The Axcess-Ultralow was succeeded by the Wright Axcess-Floline in 1997 on the Scania L94UB chassis. Launched at the Coach & Bus 97 expo, most of the Floline's changes were found internally, most notably being the 'Floline' sloped floor system, originally launched on the Renown on Volvo B10BLE, that removed the need for multiple steps towards the rear of the interior. Additional strength applied to the body's framework for implementing the Floline concept allowed the bus to be specified with bonded gasket windows. The Floline was succeeded in 2000 by the low-floor 'Millennium Design' Wright Solar body on the same Scania L94UB chassis.

==Operators==
===Axcess-Ultralow===
An initial batch of 20 Wright Axcess-Ultralows were delivered to Rider York in June 1995 for service on the York park and ride equipped with luggage ramps supplied from Marks & Spencer.

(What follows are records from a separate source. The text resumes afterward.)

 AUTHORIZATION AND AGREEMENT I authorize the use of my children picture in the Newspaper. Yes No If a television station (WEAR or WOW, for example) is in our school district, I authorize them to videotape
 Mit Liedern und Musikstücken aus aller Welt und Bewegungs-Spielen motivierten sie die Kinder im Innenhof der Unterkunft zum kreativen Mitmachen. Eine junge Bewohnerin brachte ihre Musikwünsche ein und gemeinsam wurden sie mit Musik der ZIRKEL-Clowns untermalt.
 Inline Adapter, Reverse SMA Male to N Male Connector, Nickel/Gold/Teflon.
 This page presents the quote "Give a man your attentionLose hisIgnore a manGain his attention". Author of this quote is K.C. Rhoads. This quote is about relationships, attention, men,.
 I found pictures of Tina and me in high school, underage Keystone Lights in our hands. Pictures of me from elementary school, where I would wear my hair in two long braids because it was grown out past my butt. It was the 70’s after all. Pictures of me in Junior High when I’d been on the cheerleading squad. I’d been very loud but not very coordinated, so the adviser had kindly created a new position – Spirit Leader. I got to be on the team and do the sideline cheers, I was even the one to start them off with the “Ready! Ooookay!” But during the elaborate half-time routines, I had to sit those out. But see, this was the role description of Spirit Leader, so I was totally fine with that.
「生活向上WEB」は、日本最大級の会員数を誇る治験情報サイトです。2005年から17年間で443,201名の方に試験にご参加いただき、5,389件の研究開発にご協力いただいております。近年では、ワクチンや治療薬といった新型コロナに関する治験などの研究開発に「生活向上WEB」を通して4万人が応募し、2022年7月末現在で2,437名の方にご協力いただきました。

These buses eventually became part of the FirstBus fleet, who were popular customers of the Wright Axcess-Ultralow, especially for its Scottish operations. A majority of the group's Axcess-Ultralows were delivered to First Greater Glasgow from 1996 onwards, while twelve were delivered to FifeFirst in June 1997, and eight were delivered to its Midland Bluebird and Lowland operations during 1997. Elsewhere, Axcess-Ultralows were delivered to Kingfisher Huddersfield, First Crosville, and the group's Eastern Counties, Northampton and Leicester operations.

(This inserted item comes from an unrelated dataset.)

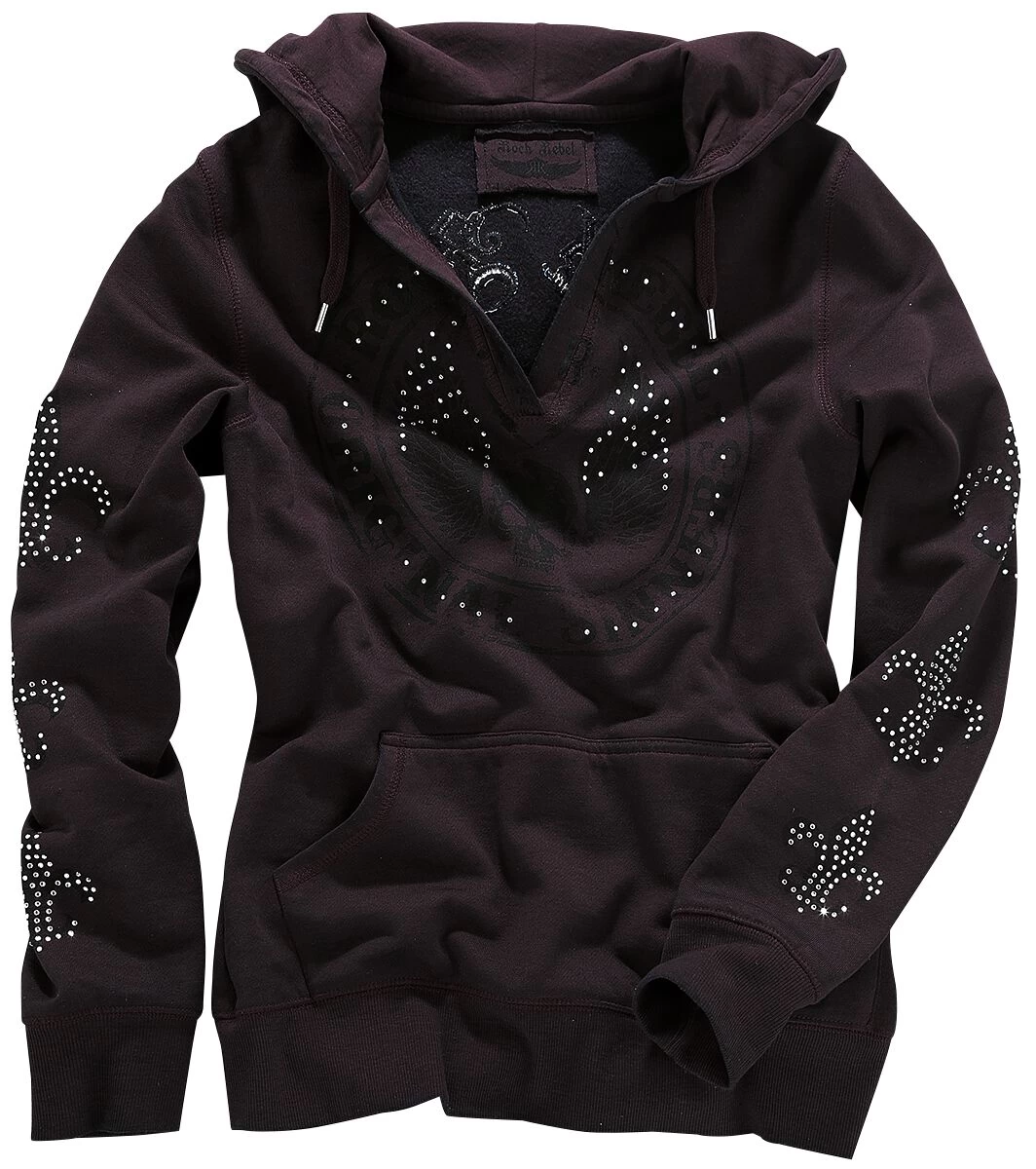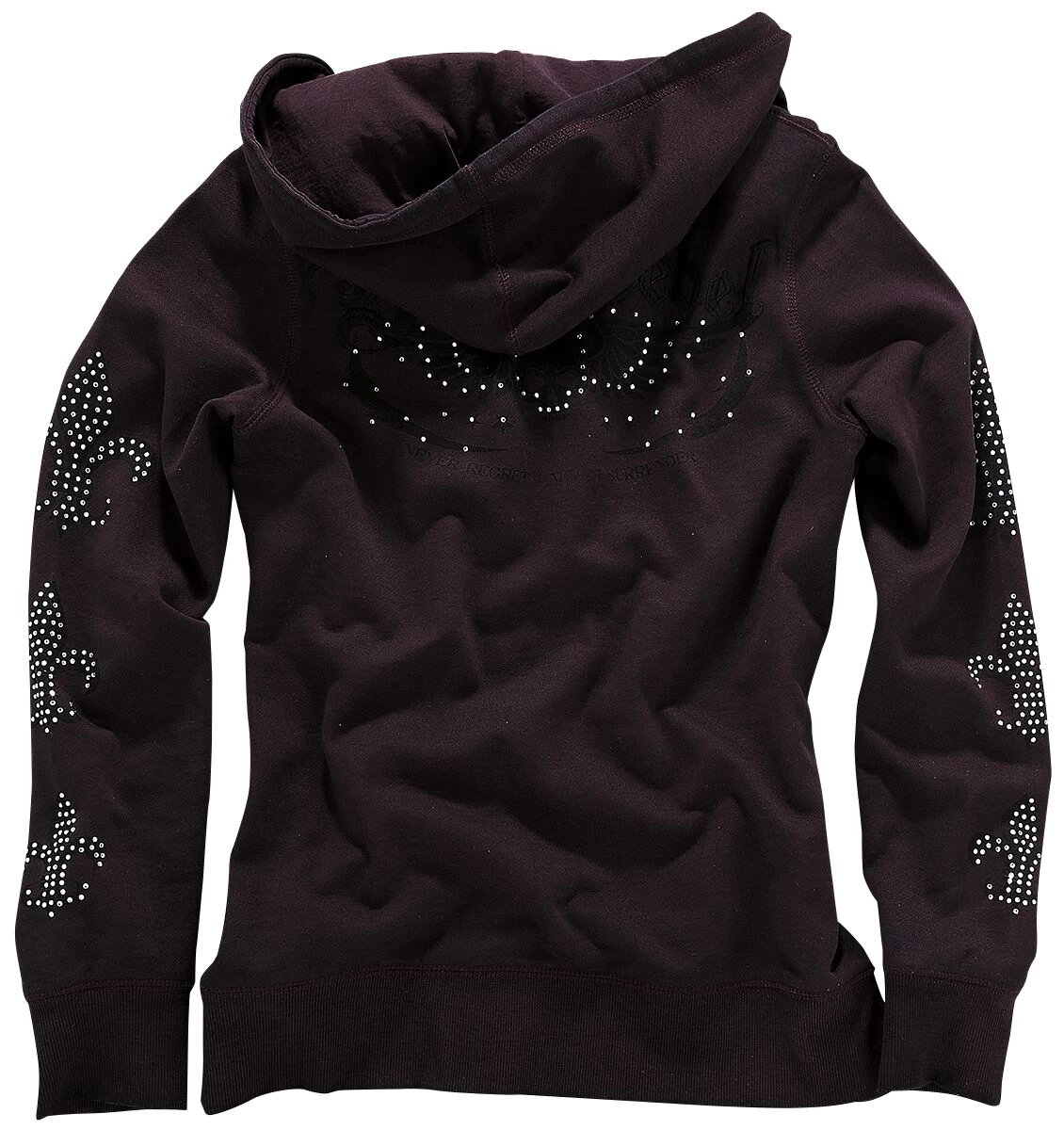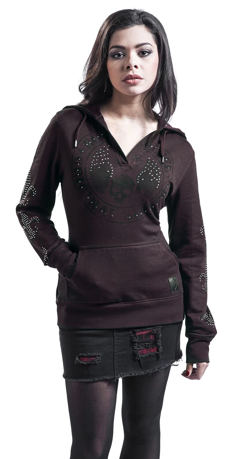 V-neck hooded sweater of Rock Rebel. With print on the front, on the sleeves as well as on the back and they’re decorates with rhinestones. The logo on the back is embroidered. The sweater features a kangaroo pocket. The tinged fabric causes the desired vintage effect.

Twenty Axcess-Ultralows were delivered to MTL Trust Holdings for its Merseybus operations in 1996, while ten Axcess-Ultralows were also delivered to Kentish Bus in late 1994, part of a wider investment by Kent County Council into improving bus stops and shelters as well as providing route information for service 480 between Dartford and Gravesend. Six Axcess-Ultralows were delivered to Chester City Transport for park and ride services in late 1997, and five Axcess-Ultralows were delivered to Nottingham City Transport between 1995 and early 1996.

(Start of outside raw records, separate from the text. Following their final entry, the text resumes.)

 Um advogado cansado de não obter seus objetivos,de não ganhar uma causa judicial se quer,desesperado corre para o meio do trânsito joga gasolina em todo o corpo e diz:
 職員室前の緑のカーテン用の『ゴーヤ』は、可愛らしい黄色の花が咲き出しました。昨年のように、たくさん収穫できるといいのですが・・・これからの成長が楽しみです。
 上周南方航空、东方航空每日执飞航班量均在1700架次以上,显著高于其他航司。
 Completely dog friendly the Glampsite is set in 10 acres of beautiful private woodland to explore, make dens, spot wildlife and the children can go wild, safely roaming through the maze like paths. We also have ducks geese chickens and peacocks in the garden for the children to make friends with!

Five Axcess-Ultralows were delivered to Bullocks Coaches of Cheadle in 1995 for use on route 42 between Piccadilly Gardens and Stockport bus station, followed by another five being delivered to North Western's StarLine subsidiary for service between Altrincham, Sale, Wythenshawe and Manchester Airport. The purchases of both batches of these buses were funded from low-floor grants provided by the Greater Manchester Passenger Transport Authority. A further 29 Axcess-Ultralows were supplied to North Western and the StarLine subsidiary during 1996.

===Axcess-Floline===
All but 34 of the 276 Axcess-Flolines produced were delivered to FirstBus operators, with some early examples built concurrently alongside the group's orders for the Axcess-Ultralow. The first production Axcess-Floline was delivered to First Greater Glasgow following the Coach & Bus 97 expo.